An erroneous bulk upload of static routes to a Telstra production network edge router was the cause of last Wednesday’s internet-wide service disruption that saw data traffic take a long detour via Australia, causing performance degradation for other providers in the process.
Telstra senior network engineer Mark Duffell apologised for the error, which meant that 500 internet protocol version 4 (IPv4) prefixes, or subnetworks, were advertised as belonging to Telstra.
The technical error occurred as part of post-verification testing to address a software bug in the Telstra Internet Direct provisioning tools.
After the incorrect configuration was deployed to a single edge router the hundreds of IPv4 prefixes were announced to the global internet through the border gateway protocol (BGP) that supplies route information for network providers.
As adjacent internet peers or autonomous systems (ASs) learned through BGP that the fastest and most efficient routes to certain networks were supposedly via Telstra, they adopted that information and announced it to other providers they connected to, which amplified the error.
“It’s important to understand that the root cause of this interruption was not malicious in nature, the routes were not intentionally hijacked, and no emails or data were breached or lost,” Duffell wrote.

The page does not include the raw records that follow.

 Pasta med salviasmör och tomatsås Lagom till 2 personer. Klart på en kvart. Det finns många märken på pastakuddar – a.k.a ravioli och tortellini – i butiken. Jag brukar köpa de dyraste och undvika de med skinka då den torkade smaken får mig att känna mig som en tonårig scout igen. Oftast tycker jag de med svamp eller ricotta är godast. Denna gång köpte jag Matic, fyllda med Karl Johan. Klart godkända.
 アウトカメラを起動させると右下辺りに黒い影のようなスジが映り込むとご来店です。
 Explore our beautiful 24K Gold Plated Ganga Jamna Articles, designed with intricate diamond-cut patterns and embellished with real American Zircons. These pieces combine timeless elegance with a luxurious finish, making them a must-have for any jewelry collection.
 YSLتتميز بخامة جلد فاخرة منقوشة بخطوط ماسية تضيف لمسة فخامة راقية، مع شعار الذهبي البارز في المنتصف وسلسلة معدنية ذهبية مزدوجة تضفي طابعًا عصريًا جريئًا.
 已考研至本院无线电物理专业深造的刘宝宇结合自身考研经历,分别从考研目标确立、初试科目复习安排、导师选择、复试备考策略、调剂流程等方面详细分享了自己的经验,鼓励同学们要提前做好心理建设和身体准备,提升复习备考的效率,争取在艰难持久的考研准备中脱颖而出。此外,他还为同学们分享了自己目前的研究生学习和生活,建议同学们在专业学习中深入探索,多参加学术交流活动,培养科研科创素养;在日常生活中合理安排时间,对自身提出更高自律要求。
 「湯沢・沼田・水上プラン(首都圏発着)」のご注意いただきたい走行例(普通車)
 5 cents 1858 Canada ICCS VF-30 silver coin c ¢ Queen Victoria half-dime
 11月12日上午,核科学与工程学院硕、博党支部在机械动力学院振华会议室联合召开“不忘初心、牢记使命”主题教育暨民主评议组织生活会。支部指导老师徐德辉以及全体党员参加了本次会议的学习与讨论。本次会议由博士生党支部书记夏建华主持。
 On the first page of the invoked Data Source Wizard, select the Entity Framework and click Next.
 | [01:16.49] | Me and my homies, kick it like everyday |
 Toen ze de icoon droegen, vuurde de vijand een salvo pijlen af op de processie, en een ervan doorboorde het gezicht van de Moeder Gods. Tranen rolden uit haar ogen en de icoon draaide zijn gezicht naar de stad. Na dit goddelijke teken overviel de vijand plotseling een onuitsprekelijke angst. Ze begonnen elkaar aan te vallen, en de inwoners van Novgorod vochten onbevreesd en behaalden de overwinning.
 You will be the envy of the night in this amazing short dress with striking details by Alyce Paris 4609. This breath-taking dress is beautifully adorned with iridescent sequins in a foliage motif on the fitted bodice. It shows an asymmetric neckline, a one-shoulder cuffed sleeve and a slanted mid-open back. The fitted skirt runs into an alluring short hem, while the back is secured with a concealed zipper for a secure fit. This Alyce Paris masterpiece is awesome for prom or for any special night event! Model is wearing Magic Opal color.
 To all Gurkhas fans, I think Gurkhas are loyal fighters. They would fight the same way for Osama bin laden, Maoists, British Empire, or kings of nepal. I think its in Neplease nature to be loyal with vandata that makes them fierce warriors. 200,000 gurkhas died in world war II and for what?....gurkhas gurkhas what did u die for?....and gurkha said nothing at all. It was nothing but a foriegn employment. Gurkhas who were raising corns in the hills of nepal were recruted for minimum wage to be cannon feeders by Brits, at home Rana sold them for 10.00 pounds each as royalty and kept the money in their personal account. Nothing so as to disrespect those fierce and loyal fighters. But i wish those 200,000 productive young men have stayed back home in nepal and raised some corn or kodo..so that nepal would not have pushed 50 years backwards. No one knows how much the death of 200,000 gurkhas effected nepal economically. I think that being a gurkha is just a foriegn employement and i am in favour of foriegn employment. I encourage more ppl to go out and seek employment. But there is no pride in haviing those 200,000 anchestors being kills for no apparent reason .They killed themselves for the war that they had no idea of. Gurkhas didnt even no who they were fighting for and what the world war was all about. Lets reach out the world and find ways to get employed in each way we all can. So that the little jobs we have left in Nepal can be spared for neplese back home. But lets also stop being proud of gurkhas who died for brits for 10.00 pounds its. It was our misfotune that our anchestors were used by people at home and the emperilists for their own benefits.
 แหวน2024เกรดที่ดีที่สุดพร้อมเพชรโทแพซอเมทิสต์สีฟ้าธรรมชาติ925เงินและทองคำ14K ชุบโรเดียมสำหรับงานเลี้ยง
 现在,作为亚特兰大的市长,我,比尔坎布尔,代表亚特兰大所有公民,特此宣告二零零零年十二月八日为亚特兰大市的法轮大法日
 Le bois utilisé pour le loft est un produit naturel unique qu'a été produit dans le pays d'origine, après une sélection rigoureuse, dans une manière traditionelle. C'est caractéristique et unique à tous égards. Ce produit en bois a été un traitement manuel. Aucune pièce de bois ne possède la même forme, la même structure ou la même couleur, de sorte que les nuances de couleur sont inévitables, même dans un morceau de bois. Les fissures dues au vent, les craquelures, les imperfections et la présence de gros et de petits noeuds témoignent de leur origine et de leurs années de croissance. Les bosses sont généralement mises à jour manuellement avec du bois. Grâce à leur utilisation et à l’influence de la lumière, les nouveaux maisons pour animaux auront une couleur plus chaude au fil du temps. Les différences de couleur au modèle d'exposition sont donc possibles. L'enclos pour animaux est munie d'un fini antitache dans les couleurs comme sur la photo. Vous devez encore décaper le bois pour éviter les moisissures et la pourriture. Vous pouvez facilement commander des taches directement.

Telstra has temporarily disabled the provisioning testing tools until it can ensure that Wednesday’s accidental route hijacking won’t happen again.
The telco is also modifying its route validation system to prohibit the bulk upload of static routes, which was the initial cause of Wednesday’s problems.
No practical way to prevent BGP hijacking
Telstra has implemented Resource Public Key Infrastructure (RPKI) on its domestic AS 1221 network, and is working on adding the certification techonology to its AS 4637 international network, a spokesperson told iTnews.
With RPKI, providers can cryptographically verify whether or not an organisation is authorised to make BGP route announcements.
If not, the announcements can be deemed as invalid, and filtered out automatically, which would prevent traffic being routed up the wrong network junctions.
But secure email provider Protonmail, which was among the service providers hit by the Telstra routing hijack, pointed out that RPKI is opt-in and will only work if every network on the internet agress to abide by it.
Currently, only 17 percent of the internet uses RPKI validation, which means BGP hijacking has the potential to cause significant damage.
In Wednesday’s incident, approximately 30 percent of the global internet looking for Protonmail was directed to Telstra instead.
Protonmail said that while no data or messages were lost, it “incurred meaningful financial losses” as some services such as its payments system were not functioning for several hours.
The Swiss provider was able to divert all mail and web traffic to unimpacted internet routes, and the only problem its customers experienced was delays in sending and receiving messages.
This turned what Protonmail said was perhaps the most serious BGP hijacking incident ever, affecting more than 1680 IPv4 prefixes, into a minor inconvenience for its customers.
Founder of BGP monitoring service BGPmon Andree Toonk explained RPKI route validation only works on ingress, which is the routes that are learnt from a peer network.
Currently, RPKI route validation isn’t done on egress or outgoing announced routes.